─── Data under study

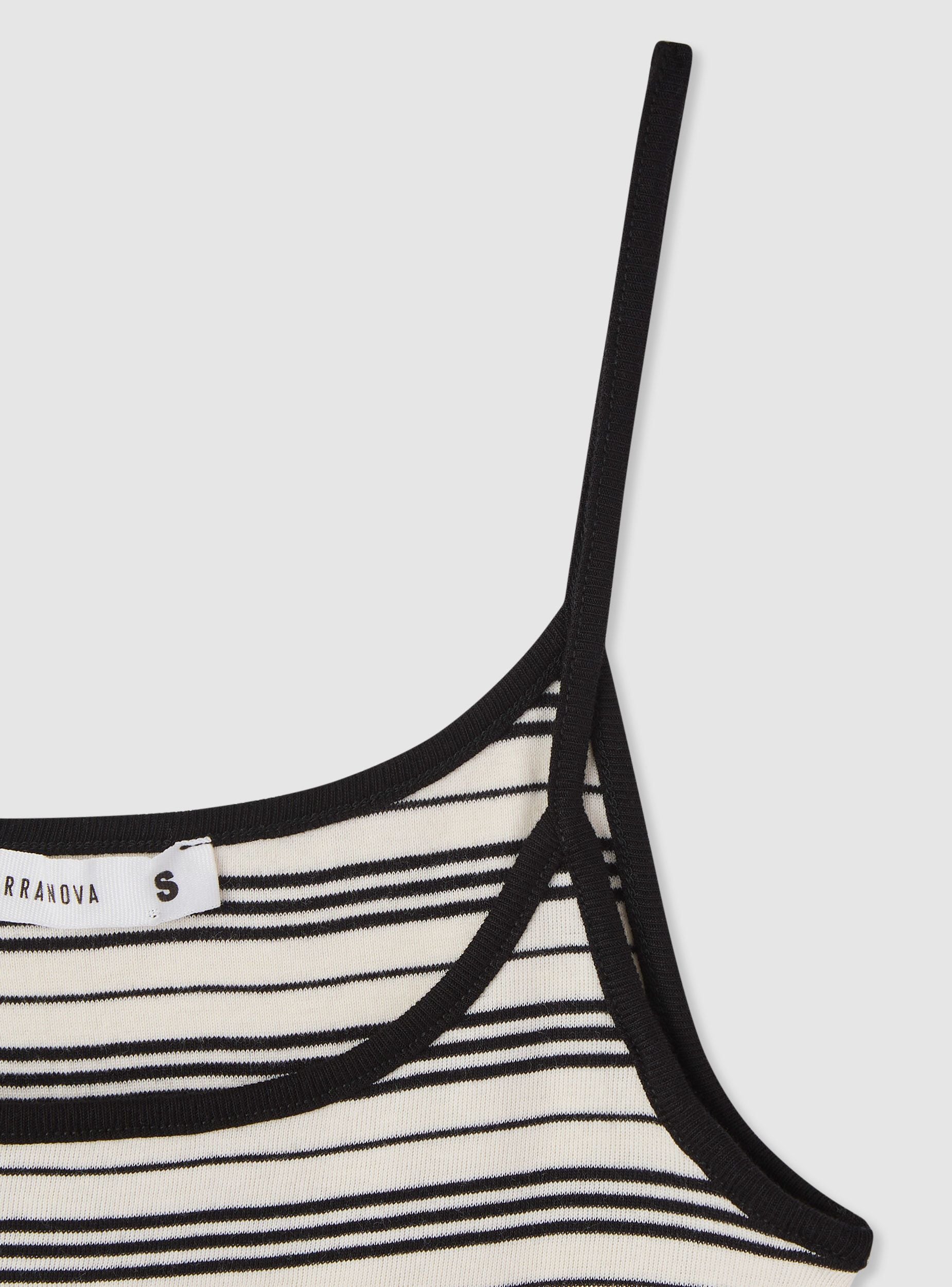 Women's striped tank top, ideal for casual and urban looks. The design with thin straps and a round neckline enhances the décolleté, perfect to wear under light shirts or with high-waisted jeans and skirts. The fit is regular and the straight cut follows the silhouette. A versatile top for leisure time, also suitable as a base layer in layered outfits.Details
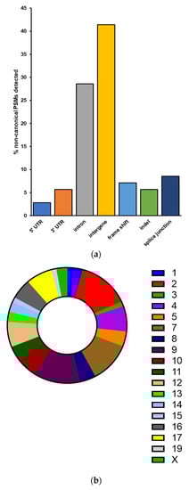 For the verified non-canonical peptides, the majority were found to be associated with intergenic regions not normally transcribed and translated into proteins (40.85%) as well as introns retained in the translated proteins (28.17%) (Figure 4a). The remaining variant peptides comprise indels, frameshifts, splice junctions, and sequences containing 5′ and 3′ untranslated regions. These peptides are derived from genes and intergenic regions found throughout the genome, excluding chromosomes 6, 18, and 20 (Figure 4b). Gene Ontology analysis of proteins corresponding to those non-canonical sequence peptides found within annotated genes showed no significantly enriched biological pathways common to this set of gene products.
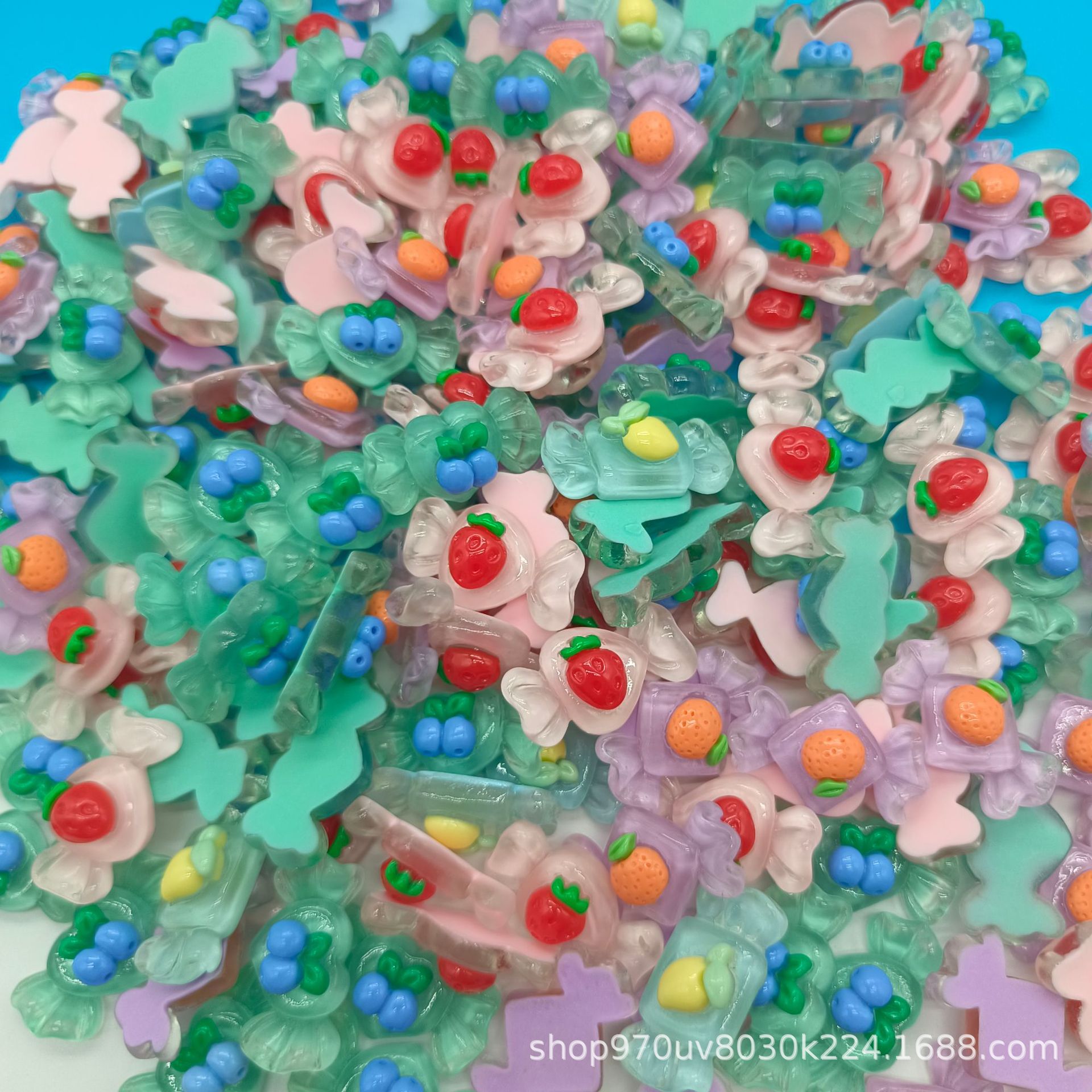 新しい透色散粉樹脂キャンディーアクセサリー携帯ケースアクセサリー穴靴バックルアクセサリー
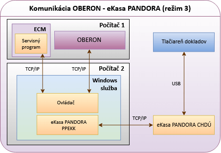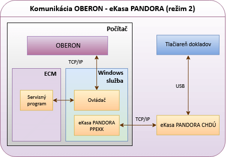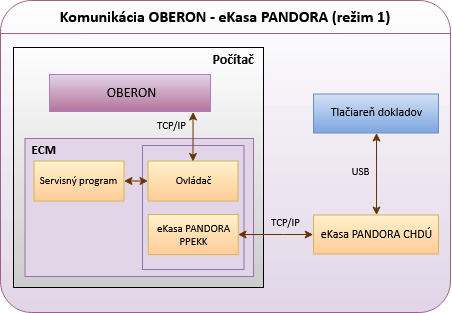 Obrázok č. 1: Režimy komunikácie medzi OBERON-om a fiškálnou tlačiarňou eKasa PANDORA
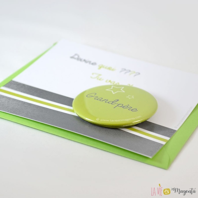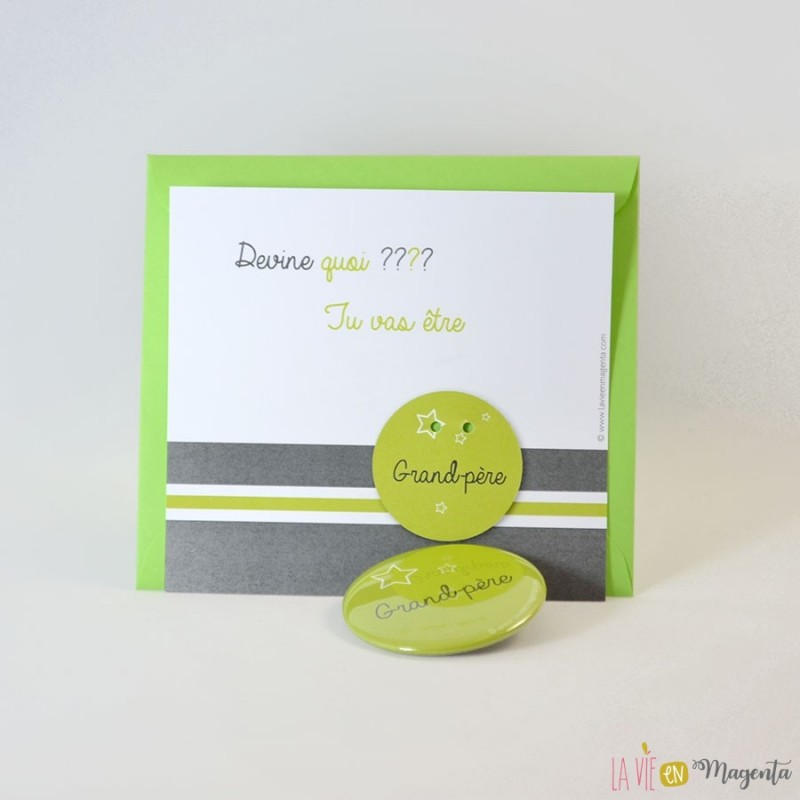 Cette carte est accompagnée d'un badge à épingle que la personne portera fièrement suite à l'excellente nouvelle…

──────

The task:
From the line containing "Obrázok č. 1: Režimy" down to the final line of the records above, restate every line word for word, add nothing, and skip the pictures.

Problem solution:
 Obrázok č. 1: Režimy komunikácie medzi OBERON-om a fiškálnou tlačiarňou eKasa PANDORA
 Cette carte est accompagnée d'un badge à épingle que la personne portera fièrement suite à l'excellente nouvelle…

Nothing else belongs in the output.